Author: Franco Terrazzano 2019/08/14

Tough times require tough questions. One question is looming large in Alberta. When you look at government job growth, salaries, benefits and provincial comparisons you have to ask: when will Alberta’s government employees share in the tough times?

Unfortunately, that reality seems to be lost on some people.

“These folks and many, many others across the province took two years of zeros and negotiated this opportunity to have discussions around their wages for the third year,” said Guy Smith, president of Alberta Union of Provincial Employees (AUPE) prior to the union heading into arbitration hearings with the provincial government.

After reading a statement like that, you’d think our government employees have taken it on the chin, but you’d be wrong.

For thousands of government employees, “pay freezes” over the last few years weren’t actually pay freezes. While government employees may not have been rewarded with a new pay grid, they could still receive a raise by moving up their current grid.

A freedom-of-information request filed by the Canadian Taxpayers Federation shows that the “pay freeze” for nurses cost $17 million in 2017. The “pay freeze” for teachers cost an estimated $200 million over two years.

Even if government employees had their wages frozen, cuts would still be warranted.

Many Albertans outside of government would have killed for a wage freeze during the recent recession. Thousands of families dealt with pay cuts, layoffs, underemployment and other difficult situations. But instead of relief, taxpayers were forced to shell out more tax money to pay for a growing government workforce.

“Net private sector employment has declined by 39,700 jobs since May 2015 … The Alberta NDP added 58,600 jobs in the broad public sector — paid by taxes on the private sector,” explains economist Jack Mintz.

Total workers’ pay in Alberta has declined by seven per cent since 2014 highs. Yet total pay for government employees increased by 12 per cent between 2014 and 2018, according to government budgets. And this followed years of increasing government pay. Between 2000 and 2010, the government’s wage tab increased by 119 per cent, almost double the rate of growth in the rest of Canada.

Government employees in Alberta (at all levels) earn a 10 per cent wage premium compared to counterparts in the business community, according to the Fraser Institute. Then there’s the lucrative benefits that are scarce outside of government. Government employees are much more likely to be covered by a workplace pension, are more likely to receive a costly defined-benefit pension, retire earlier, enjoy greater job security and lose more work time for personal reasons.

Government employees in Alberta are also overpaid compared to other large provinces.

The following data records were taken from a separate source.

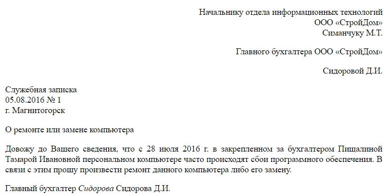 - Если записка составляется по причине поломки оборудования, важно указать, из-за чего это произошло.
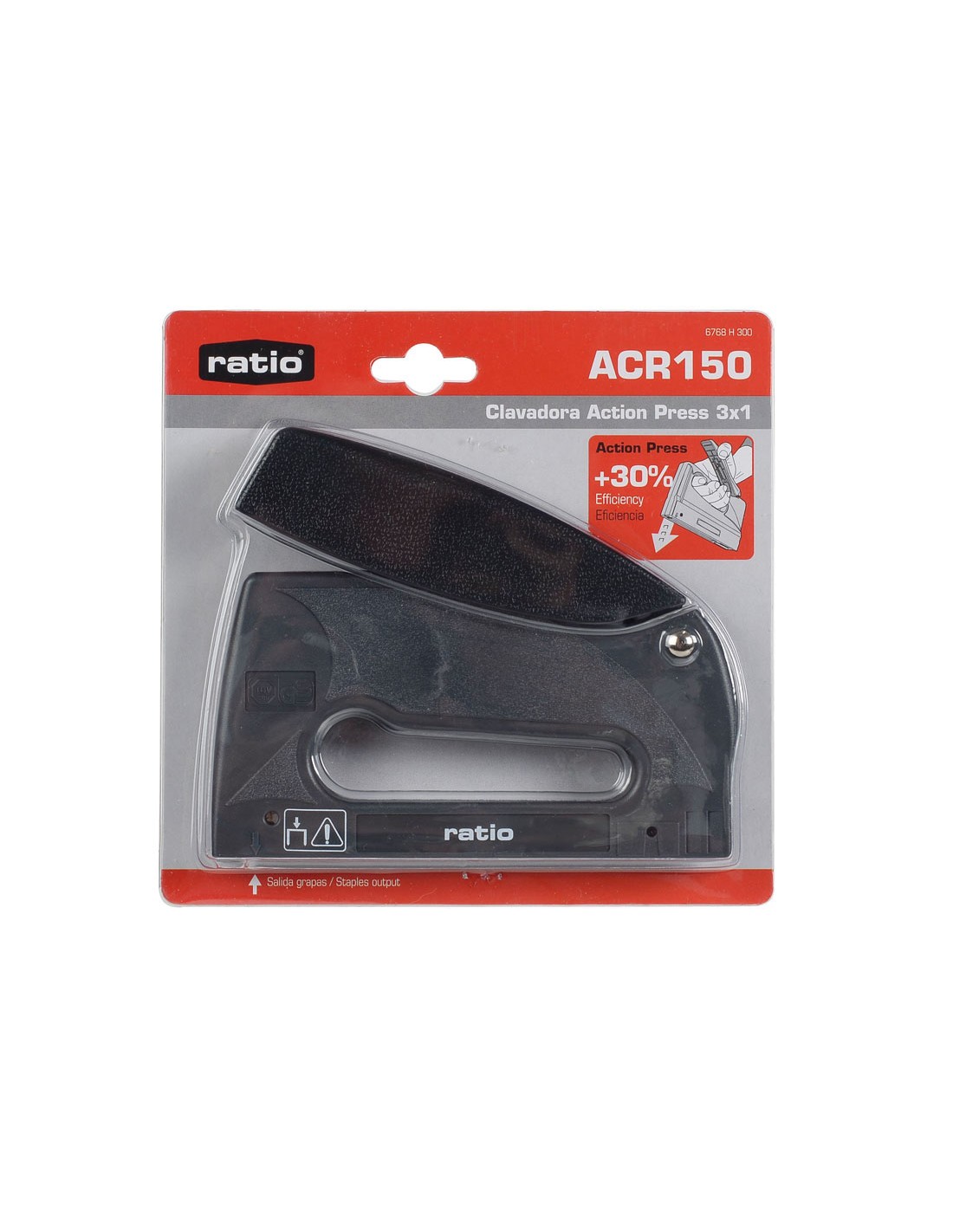 Clavadora multifunción RATIO ACR150 ActionPress 3 en 1 Armazón y empuñadura en ABS. Ergonómica, sistema de grapado "Action Press" que reduce el esfuerzo hasta un 30%. Grapas 131 (6-10 mm).
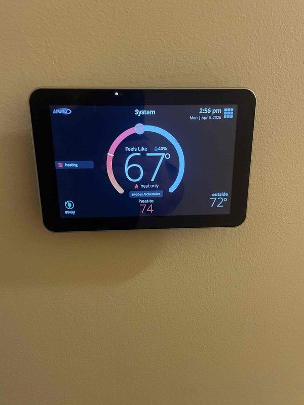 Responded to no heat call for 13-year-old furnace system in basement with blank thermostat display. Upon arrival, diagnosed thermostat power issue and restored functionality to Lennox digital thermostat, which now displays proper temperature readings and system controls. Verified heating system operation and confirmed thermostat communicating correctly with furnace equipment.
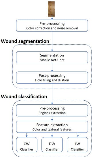 The better performances by the LW and CW can be interpreted by the more considerable visual variances between the positive and negative classes, where the alterations of the wounds are more visible than in DW. It also corroborates that characteristics that indicate wound alterations can differ for each wound type, confirming the need to separate the wound classification problem into three classifiers.

“Alberta could have saved around $2.1 billion in 2016, if public sector salary levels [per employee] were the same as the average of the three biggest provinces (British Columbia, Ontario and Quebec),” state former Saskatchewan NDP Finance Minister Janice MacKinnon and University of Calgary economist Jack Mintz.

Even politicians are sharing in Alberta’s tough times as MLAs will be paid $13,000 less compared to 2014 and Premier Jason Kenney will rake in $31,500 less.

Albertans are currently staring down the barrel of a $60-billion debt tab that is increasing by $1.7 million every single hour. But the only way we’re going to get the province’s fiscal house in order is by bringing government labour costs back to reality.

This column was originally published in the Edmonton Sun on August 14, 2019.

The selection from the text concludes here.